Mastodawn

Alexander Bochmann Aug 14, 2018

Looks like we'll be planning for the next round of VMware updates due to #L1TF tomorrow: https://www.vmware.com/security/advisories/VMSA-2018-0020.html

"vCenter Server, ESXi, Workstation, and Fusion updates include Hypervisor-Specific Mitigations for L1 Terminal Fault - VMM. This issue may allow a malicious VM running on a given CPU core to effectively read the hypervisor’s or another VM’s privileged information that resides sequentially or concurrently in the same core’s L1 Data cache."

#infosec

VMSA-2018-0020

VMware vSphere, Workstation, and Fusion updates enable Hypervisor-Specific Mitigations for L1 Terminal Fault - VMM vulnerability.

Show thread

Alexander Bochmann Aug 15, 2018

So, #L1TF is kinda the "hyperthreading is dead" one... VMware introduces a new "ESXi Side-Channel-Aware Scheduler".
Quote: "Currently, this scheduler provides the Hyper-Threading-aware mitigation by scheduling on only one Hyper-Thread of a Hyper-Thread-enabled core. As described in more detail below, careful capacity planning is required prior to enabling the ESXi Side-Channel-Aware Scheduler as it could have a performance impact for enterprise applications."

https://kb.vmware.com/s/article/55767

VMware Knowledge Base

Show thread

Alexander Bochmann Aug 22, 2018

#VMware has released a (Powershell) tool to help assess the effects of activating the "Side-Channel-Aware Scheduler" on the hosts of an ESXi-Cluster: https://kb.vmware.com/s/article/56931

Not sure how useful the output is since I only ran it against our test cluster up to now, which, as I was reminded by the tool, has CPUs that don't do hyperthreading anyways 🙄

Still waiting for results on the first production cluster...

VMware Knowledge Base

Show thread

Alexander Bochmann Aug 22, 2018

According to the tool, we should mostly be fine after activating the ESXi SCA scheduler.
It generates a report for each host, listing how much time the host spent in a band of CPU utilisation, and warns if there were times of more than 70% usage. Also finds VMs that have more vCPUs than cores available on each host (minus HT).
We have two host with CPU usage above the threshold, and will need to juggle some resources. Don't expect any problems with that.
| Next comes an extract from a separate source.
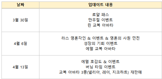 앞으로 영웅님들께서 향후 게임 업데이트 일정을 대략적으로 확인할 수 있으시도록
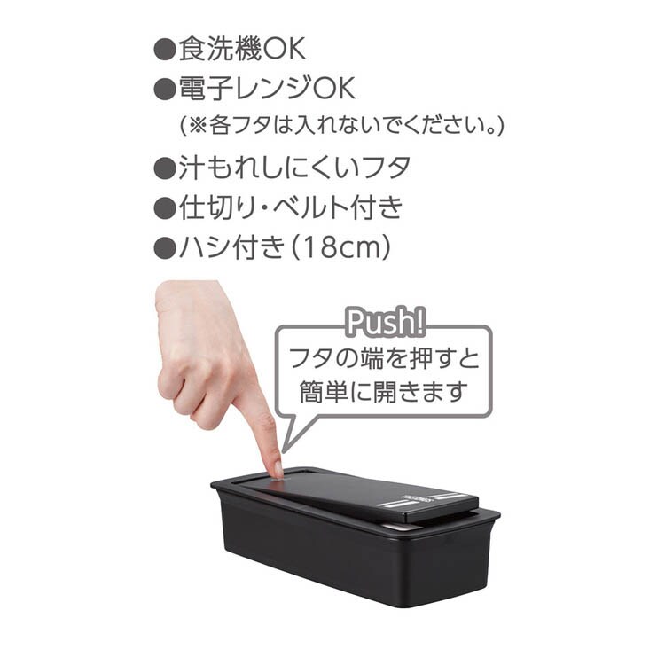 | 本体寸法:約幅21.5×奥行9.5×高さ5.0cm 本体重量:約0.2kg 容量:700ml 材質:フタ・本体・仕切り:ポリプロピレン / ハシフタ:ABS樹脂 / パッキン:シリコーンゴム / ハシ:飽和ポリエステル樹脂 |

On to patching >50 ESXi hosts then.

Show thread

The Gibson 🅅 Aug 22, 2018

@galaxis

um, not my experience...

after patching a few test environments, we were unable to vmotion due to high CPU.

even on hosts that weren't using Hyperthreading to start with...

do some testing.

Show thread

Alexander Bochmann Aug 22, 2018

@thegibson Yeah, planning on that. Tool or not, there has to be some visible fallout from removing half of the CPU threads from a cluster (and ESXi seemed to treat hyperthreads mostly as full cores up to now).

Show thread

The Gibson 🅅

@galaxis It is a HUGE hit on a well used host.

You know your stuff.. proceed cautiously.